Webinars continue to be the No. 1 technological learning tool, followed by online learning programs, such as tutorials or presentations.

But some new types of learning are also emerging: massive open online courses, flipped classes, gamified learning, microcredentials and microlearning, which has the highest rate of adoption.

Other key takeaways from the report:

  • Social media – Not surprisingly, associations use YouTube for education. But Twitter ranks a close second followed by LinkedIn and Facebook.
  • Mobile learning – About 41 percent of associations that use technology for learning provide a mobile version of their content. In addition, in the next year, 26 percent plan to go mobile.
  • Live streaming – Not many associations offer virtual conferences, but instead nearly 30 percent said they live stream events.
  • Learning Management Systems – A LMS is the second most popular technology platform. In fact, the percentage of LMS users increased from 51 percent in 2013 to 60 percent in 2015.
  • Data – Despite a growing use in technology, less than one-fifth of respondents said they always use data to decide which learning platforms to use for future educational opportunities.
  • Instructional design – More than 50 percent of associations employ instructional designers.
  • Chief Learning Officer – About 40 percent of respondents said someone within their organization holds a title that incorporates the word “learning.”
  • Knowledge transfer – More than 30 percent of associations reported using technology to sustain learning after the completion of an educational product or service.
  • Credentialing – Across the board, credentialing is becoming increasingly important for education. In fact, 68 percent of associations provide education to support a credential required in their field.

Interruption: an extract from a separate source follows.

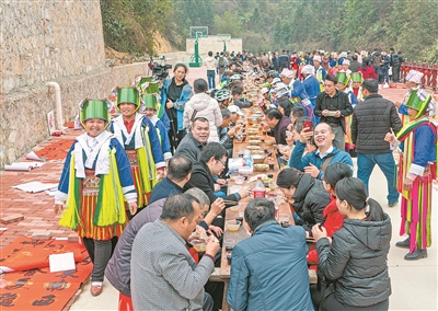 槽碓村全村人口1342人,2015年底精准识别时全村的贫困发生率高达59.1%,2017年底仍有53.93%。2018年,时任中共中央政治局常委、国务院副总理汪洋对《瑶族支系土瑶群众深度贫困状况亟待扭转》一文作出批示,槽碓村紧紧抓住机遇,在各级各部门的倾力帮扶下撸起袖子加油干,立下“一年初见成效、二年大见成效、三年脱贫摘帽”的铿锵承诺,将各级投入的资金2740.9万元用在刀刃上,实施道路、桥梁、安全防护、饮水、通信等项目23个,破除发展瓶颈,将攻坚蓝图上的规划由纸上落实到地上,村党支部、村委会班子带领全村瑶族同胞浓墨重彩地在蓝图上描绘出崭新的画卷。
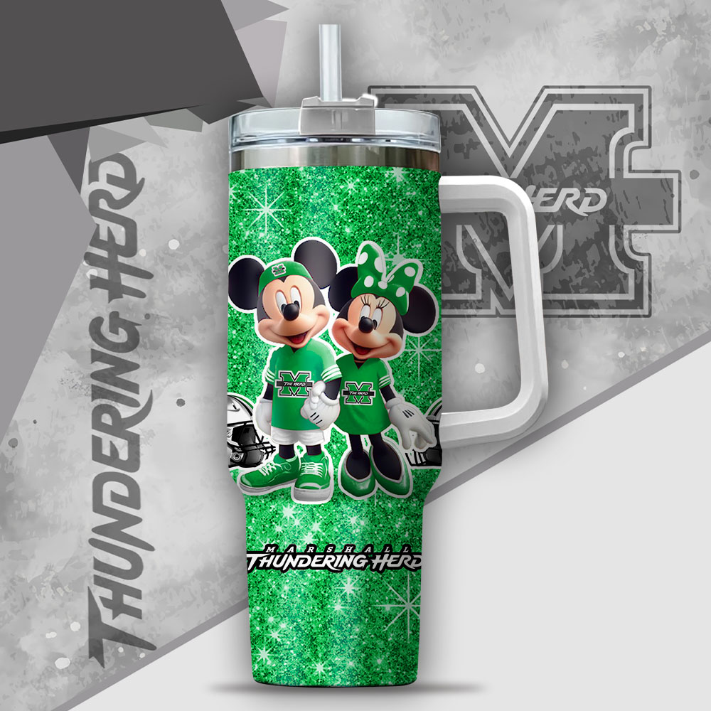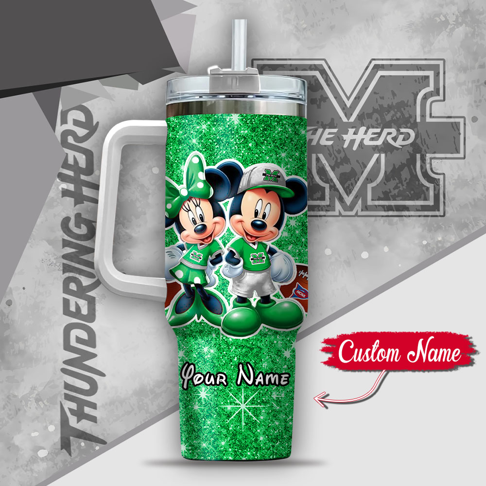 Ncaa Marshall Thundering Herd Mickey And Minnie Couple Custom Stanley Quencher 40Oz Stainless Steel Tumbler With Handle

internet-315799_1280Blending technology and learning seems to make business sense for associations. More than half of those surveyed have seen an increase in revenue from their educational offerings. In addition, the associations that employ a Chief Learning Officer, or someone with a similar title, net more revenue from their educational offerings than those that don’t. Read: Credibility counts.

All this said, cost is still a top concern among associations. Just more than 50 percent of respondents said they’re satisfied with the cost of creating educational offerings and the cost of employing staff to develop and execute them.

Somewhat disappointing: Only 18 percent of associations that use technology think they’re successful.

“Technology has changed learning irrevocably, and the rate of change isn’t likely to slow,” Tagoras said. “This creates a clear opportunity for technology to transition into a more significant, more strategic part of the mix of education and professional development associations provide to members.”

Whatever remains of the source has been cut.